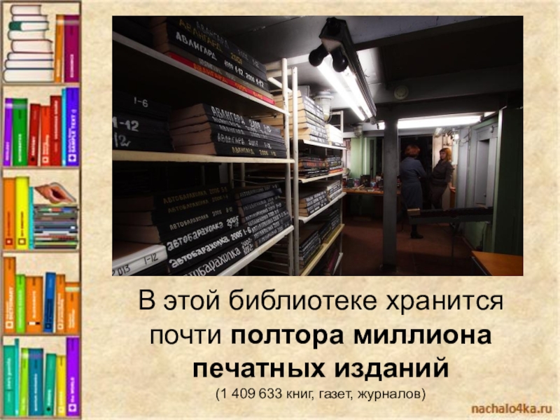 В этой библиотеке хранитсяпочти полтора миллиона печатных изданий(1 409 633 книг, газет, журналов)
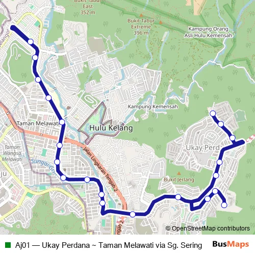 The first stop of the Aj01 bus route is Hentian Ukay Perdana and the last stop is Aj356 SK Taman Melawati. Aj01 (Ukay Perdana ~ Taman Melawati via Sg. Sering) is operational during everyday.
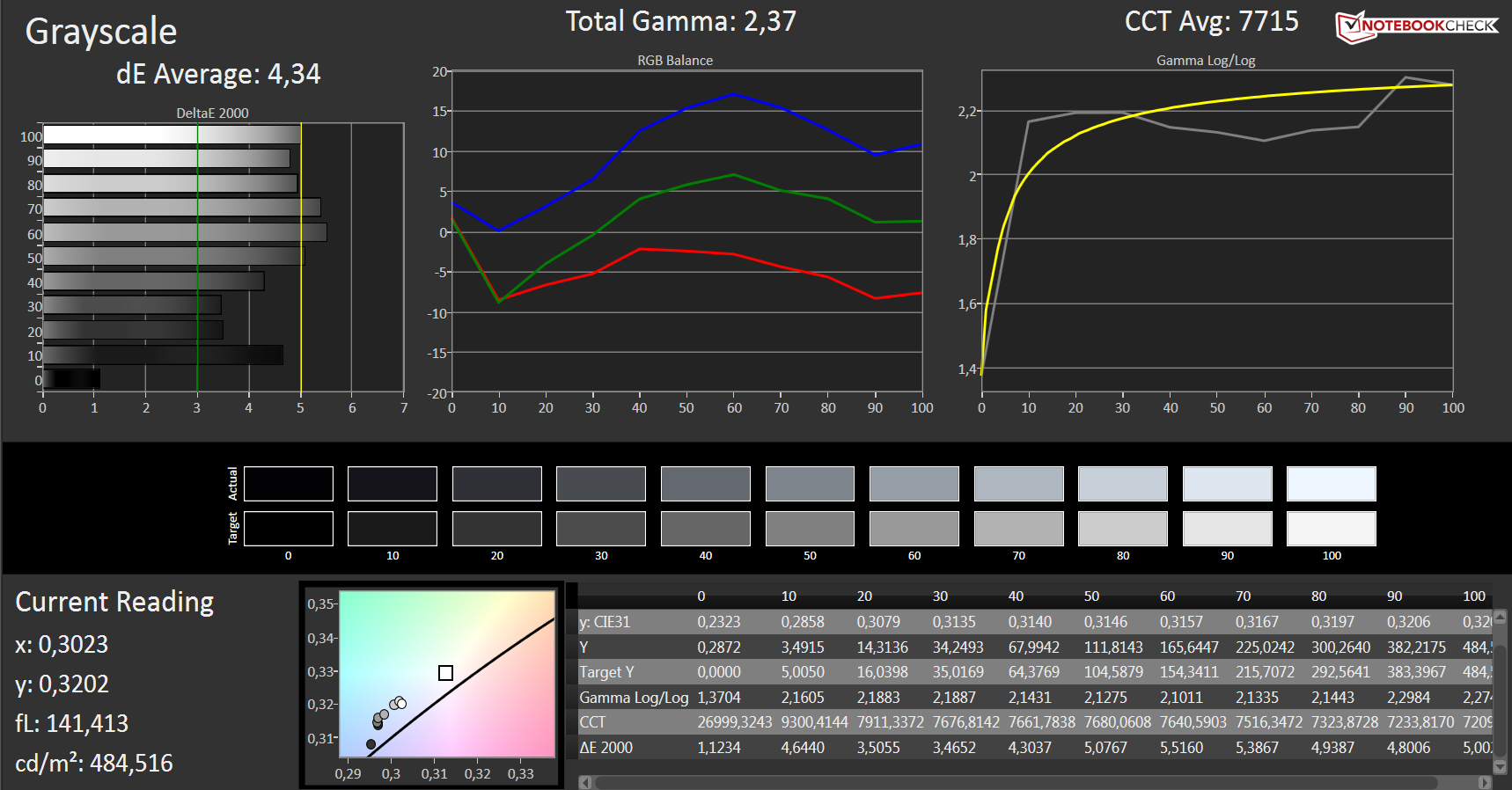 在除这些测量中,我们还检查了色彩管理,饱和度和灰度上介绍的。 RGB平衡显示的蓝色和正偏差稍微弱明显的红色,整体画面是有点太爽了。但是,这是不是一个大的批评,因为是非常小的偏差。在设置中有没有调整的可能性。最新的三星智能手机提供这样的功能在谷歌Android设置。主观演示文稿和图像的清晰度留下了积极的印象。
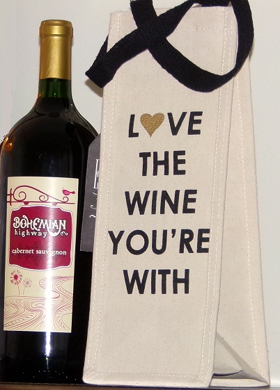 2) A 1.5L bottle of Bohemian Highway's Cabernet Sauvignon from Nouveau Wine. And wine bag to carry it in! (Yes, we got our NY Liquor Authority Event Permit, it took a while and was a major hassle, but we got it!)
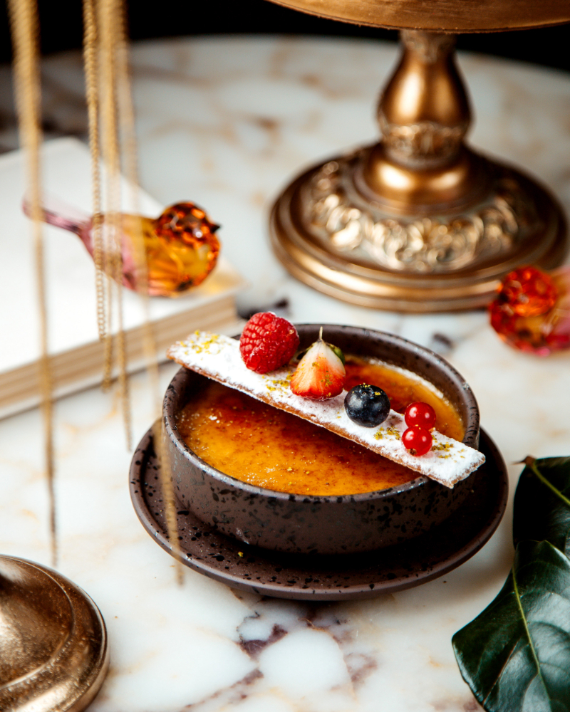 Before serving, sprinkle with raw sugar and caramelize with a kitchen torch.
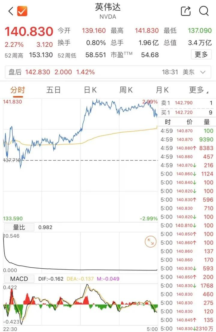 美股科技股表现强势。其中,英伟达涨逾2%,总市值超3.4万亿美元,超过苹果,重新坐回全球市值第一的宝座。而苹果当日股价跌超3%,市值一夜蒸发约1100亿美元,多家华尔街机构也在近日下调该公司评级或目标价格,对其发展前景表现出担忧。
════
▶ [ASSIGNMENT]: Write the records out once more, exactly as they appear, with no pictures.

▶ [FINAL ANSWER]:
 В этой библиотеке хранитсяпочти полтора миллиона печатных изданий(1 409 633 книг, газет, журналов)
 The first stop of the Aj01 bus route is Hentian Ukay Perdana and the last stop is Aj356 SK Taman Melawati. Aj01 (Ukay Perdana ~ Taman Melawati via Sg. Sering) is operational during everyday.
 在除这些测量中,我们还检查了色彩管理,饱和度和灰度上介绍的。 RGB平衡显示的蓝色和正偏差稍微弱明显的红色,整体画面是有点太爽了。但是,这是不是一个大的批评,因为是非常小的偏差。在设置中有没有调整的可能性。最新的三星智能手机提供这样的功能在谷歌Android设置。主观演示文稿和图像的清晰度留下了积极的印象。
 2) A 1.5L bottle of Bohemian Highway's Cabernet Sauvignon from Nouveau Wine. And wine bag to carry it in! (Yes, we got our NY Liquor Authority Event Permit, it took a while and was a major hassle, but we got it!)
 Before serving, sprinkle with raw sugar and caramelize with a kitchen torch.
 美股科技股表现强势。其中,英伟达涨逾2%,总市值超3.4万亿美元,超过苹果,重新坐回全球市值第一的宝座。而苹果当日股价跌超3%,市值一夜蒸发约1100亿美元,多家华尔街机构也在近日下调该公司评级或目标价格,对其发展前景表现出担忧。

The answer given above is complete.